*Data section*.
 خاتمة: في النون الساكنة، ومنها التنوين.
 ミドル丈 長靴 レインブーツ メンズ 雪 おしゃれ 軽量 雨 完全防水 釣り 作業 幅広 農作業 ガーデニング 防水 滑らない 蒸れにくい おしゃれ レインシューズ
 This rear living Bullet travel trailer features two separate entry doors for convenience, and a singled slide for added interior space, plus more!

--

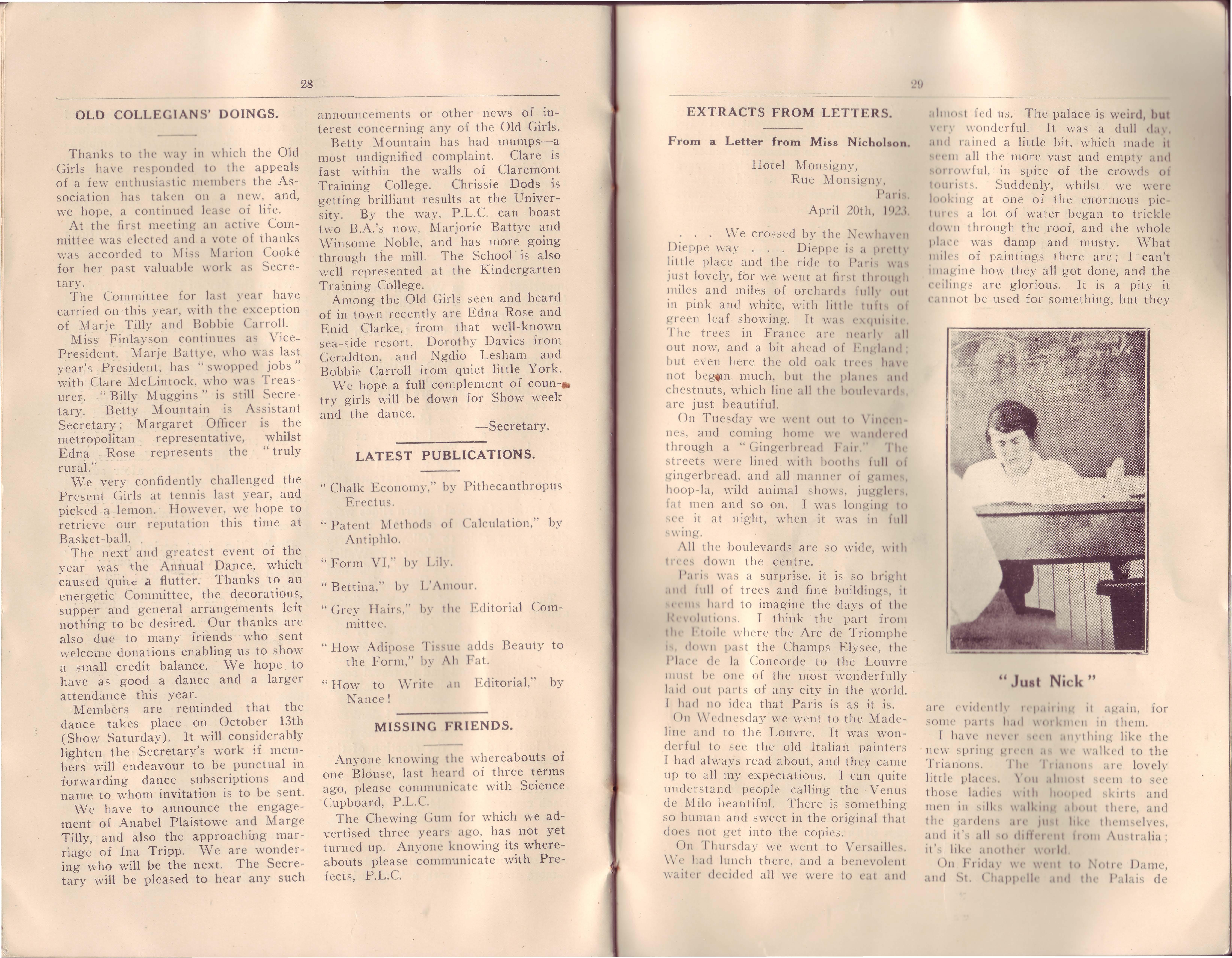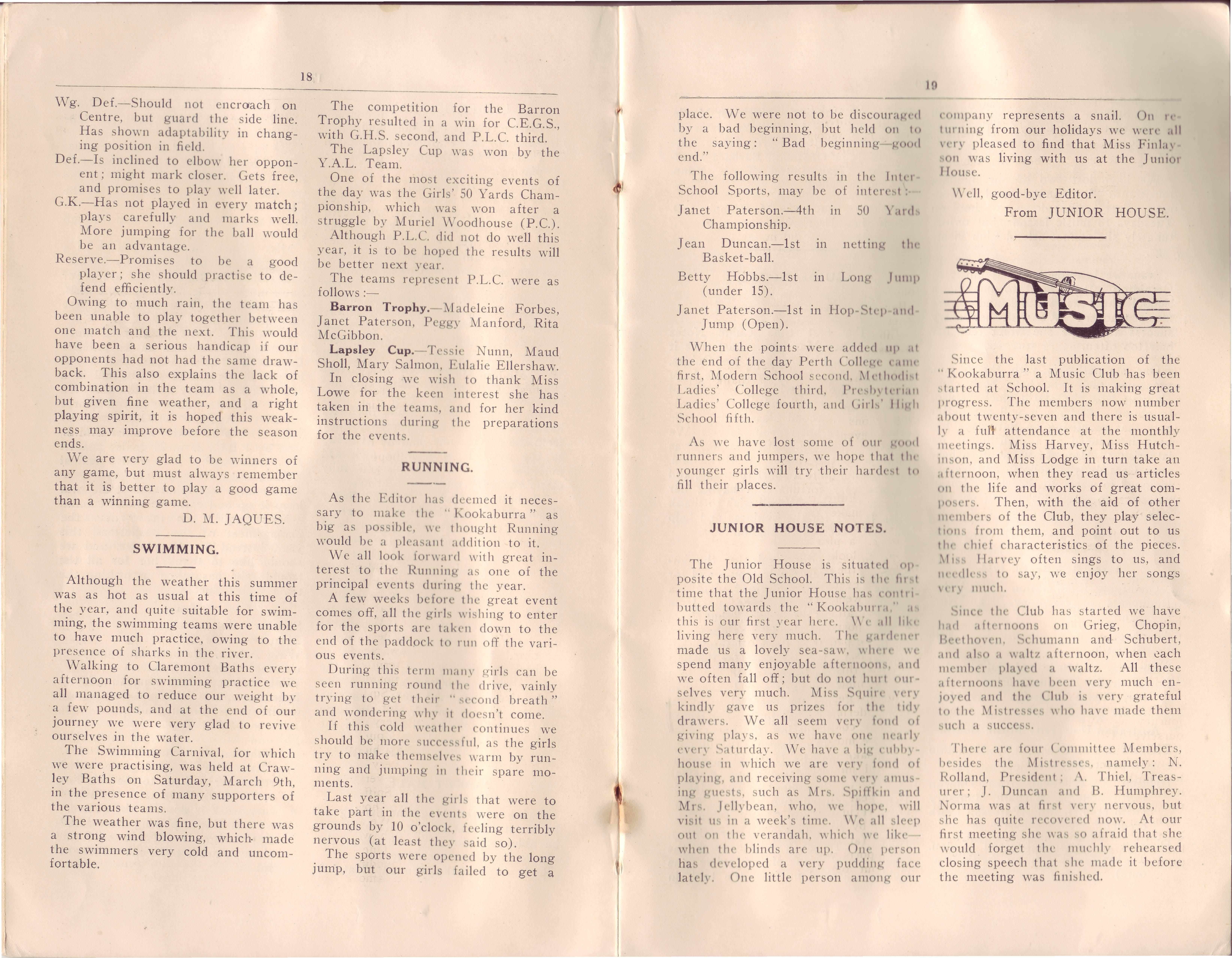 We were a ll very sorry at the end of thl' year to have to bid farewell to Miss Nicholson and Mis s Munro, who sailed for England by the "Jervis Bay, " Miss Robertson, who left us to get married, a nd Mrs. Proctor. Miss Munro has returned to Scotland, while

*Directions*.
After locating the line with "ミドル丈 長靴 レインブーツ" in the material above, return it and each line after it exactly, ending at the line with "This rear living".

*Exercise solution*.
 ミドル丈 長靴 レインブーツ メンズ 雪 おしゃれ 軽量 雨 完全防水 釣り 作業 幅広 農作業 ガーデニング 防水 滑らない 蒸れにくい おしゃれ レインシューズ
 This rear living Bullet travel trailer features two separate entry doors for convenience, and a singled slide for added interior space, plus more!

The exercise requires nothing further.